SELECTED POEMS from The Dead Spirits at the piano

MANO SINISTRA

I have carried mother’s tattered
Schubert sonatas, impromptus,
fantasias back and forth
to piano lessons. Bought
before I was born, binding
held by tape, its cover
and pages leave paper crumbs
on walkways, in cars, on pianos.
For months, I have struggled
with the B flat major Sonata,
composed two months before
his young death; its broad
reaches exceed mine, as I recall
how mother’s long fingers
handled them with ease.
Here, my teacher says, skip
to the Andante movement –
it’s astounding, and you can do it.

He shows me how it is played:
the left hand, mano sinistra,
crossing over the right to touch
the upper octave ever so lightly,
a sound you can barely hear
but feel that you have heard it.
As he plays, I hear mother
fifty years ago at her piano,
while in the next room,
I read, solved math problems,
daydreamed my future;
mother giving voice
to Schubert’s sense of death,
me absorbing both of them,
but barely so, not knowing it.
I rush home to her piano, now mine,
so we can play Schubert,
mourn him a little,
the two of us, together.

SONNET FOR THE DEAD

Strange how they return to play
leading roles in dreams, or pass through a room
in daylight, look unchanged, and pause to say,
as they did before: It’s not as bad as you think.
As though they cannot quite let go of you, or the life
where nothing is easy, except death. As though
the new state is too ethereally flat and plain,
lacking the hard edges of conflict, choice.

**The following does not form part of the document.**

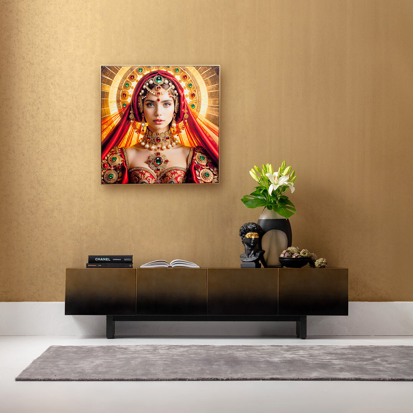 • Impressive cotton canvas with feminine motif in gold and red, 100 x 100 x 5 cm.

Or do we have it all wrong? Perhaps they drift, cirrus-
like and give us not a glance or thought, have blotted out
those of us still wrapped in skin, who check the time.
Have they cut us loose? – to replay their voices like favorite
sonatas, as we try to hold them in relationships with a name,
that are bound by blood, as though the blood still flowed.

THE BURREN

More like a moon than earth,
Stark limestone landscape,
Glacier gouged and scraped.
A portal tomb holds balance,
As it has for six thousand years,
Over bones of a people who did not know
They were the early act of an Irish saga;
Or that cutting all the trees would erode
The soil that sustained them, down
To this slippery rock where only tough
Wildflowers survive in the fissures; or
How differing visions of God would blight
This island forever. We tiptoe gingerly.

IN ROME WITH JOHN KEATS

In the small room where you died,
I stand at the end of a narrow bed,
as perhaps you did on better days,
stare out the window at Bernini’s boat
still sinking on the Piazza di Spagna.

And had you not been so weak,
his marble boat, like the Elgin Marbles,
might have sparked another ode or sonnet
on mortality – a new metaphor
for the life slowly leaving you.

In those last days, to which poem
did you turn for comfort?
I would guess the Nightingale –
your darkling singing to you
in full throated summer ecstasy

out of the embalming dark, in high
requiem for a coming February death.
Or could it be the urn? – with lovers
on the brink, like you and Fanny,
bliss always out of reach.

Nothing is left of your time here
but Severn’s death-bed portrait –
tendrils of hair damp on your forehead,
lids shut, candles throwing shadows
on your face, still perfect at the end.

Though they burned all you touched,
in a bonfire below, you linger here listening
for footsteps on the stairs, horses on the square,
mandolin players on the Spanish steps,
the poem in the blood rising in your throat.